N.L.R.B. v. South Central Bell Telephone Co., 688 F.2d 345, 352-53 (5th Cir.1982). Labor contracts in general state affirmatively the conditions on which the parties agree. Id. at 353 (citing Torrington Co. v. Metal Prods. Workers Local 1645, 362 F.2d 677 (7th Cir.1966)); Rainbow Glass Co. v. Local Union No. 610, 663 F.2d 814 (8th Cir.1981). Contractual silence, by the same token, is not dispositive of the intent of the parties. N.L.R.B. v. South Central Bell Telephone Co.; Amcar Division, ACF Indus., Inc. v. N.L.R.B., 592 F.2d 422 (8th Cir.1979). As the Supreme Court has recognized, a collective bargaining agreement may not anticipate every situation that may arise between employer and employee. United Steel Workers of America v. Warrior & Gulf Navigation Co.; see Cronin v. Sears, Roebuck & Co., 588 F.2d 616 (8th Cir.1978). A collective bargaining agreement, in the Court's estimation:

is more than a contract; it is a generalized code to govern a myriad of cases which the draftsman cannot wholly anticipate.... The collective agreement covers the whole employment relationship. It calls into being a new common law--the common law of a particular industry or of a particular plant.... one observer has put it:

"... [I]t is not unqualifiedly true that a collective-bargaining agreement is simply a document by which the union and employees have imposed upon management limited, express restrictions of its otherwise absolute right to manage the enterprise, so that an employee's claim must fail unless he can point to a specific contract provision upon which the claim is founded. There are too many people, too many problems, too many unforeseeable contingencies to make the words of the contract the exclusive source of rights and duties.
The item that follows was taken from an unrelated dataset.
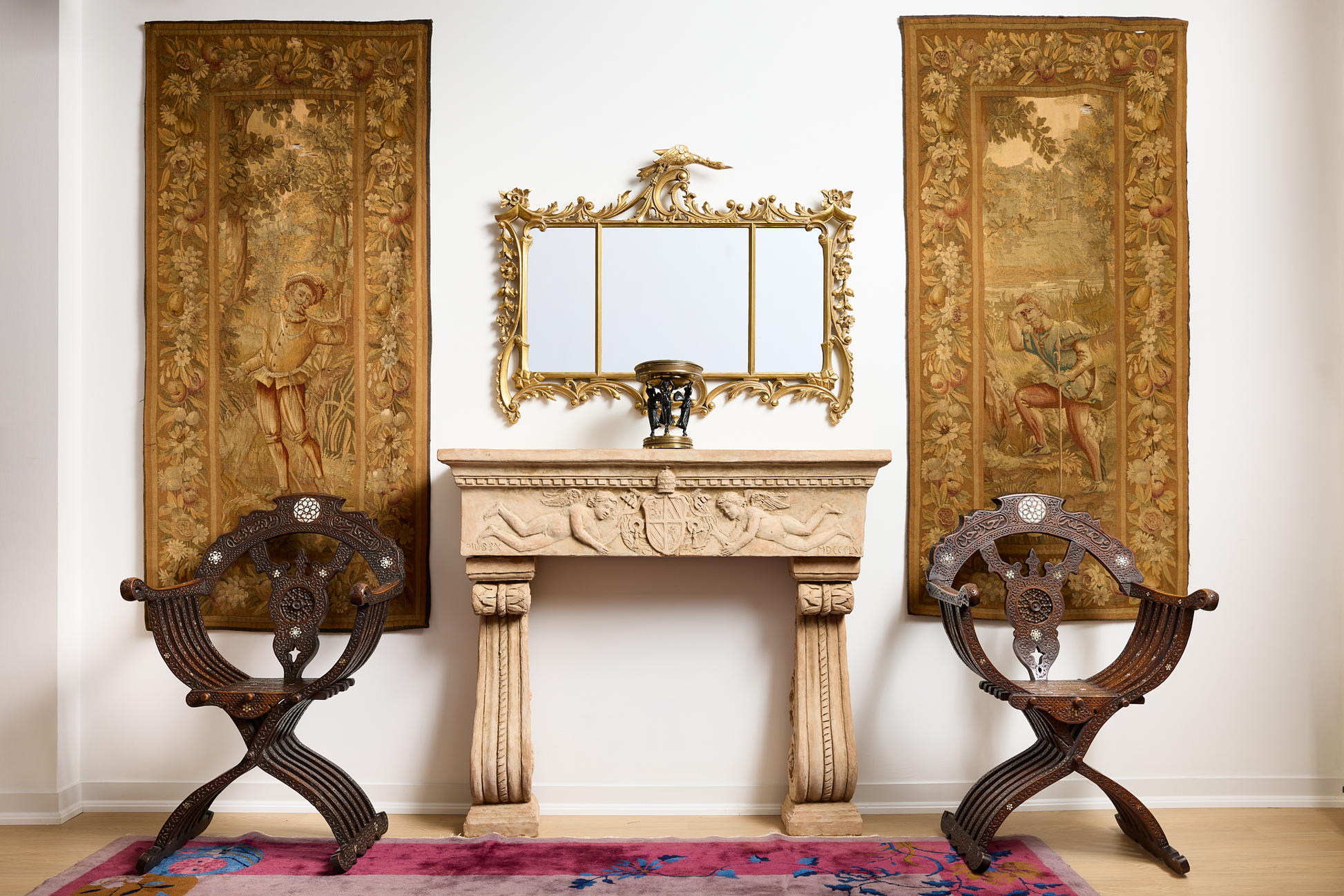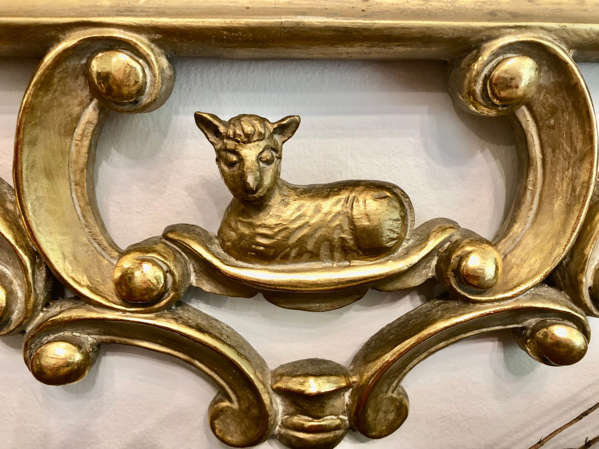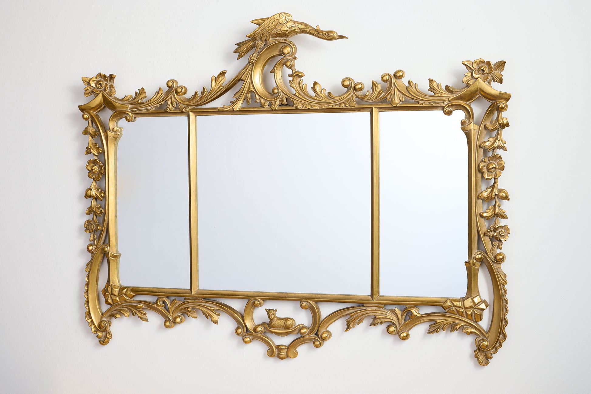 Three-panelled mirror set within a carved gilt wood frame with foliate details, C-scrolls, and surmounted with a bird.

One cannot reduce all the rules governing a community like an industrial plant to fifteen or even fifty pages. Within the sphere of collective bargaining, the institutional characteristics and the governmental nature of the collective-bargaining process demand a common law of the shop which implements and furnishes the context of the agreement. We must assume that intelligent negotiators acknowledged so plain a need unless they stated a contrary rule in plain words."

United Steelworkers of America v. Warrior's Gulf Navigation Co., 363 U.S. at 578-80, 80 S.Ct. at 1350-52 (quoting from Cox, Reflections Upon Labor Arbitration, 72 Harv.L.Rev. 1482, 1498-99 (1959)).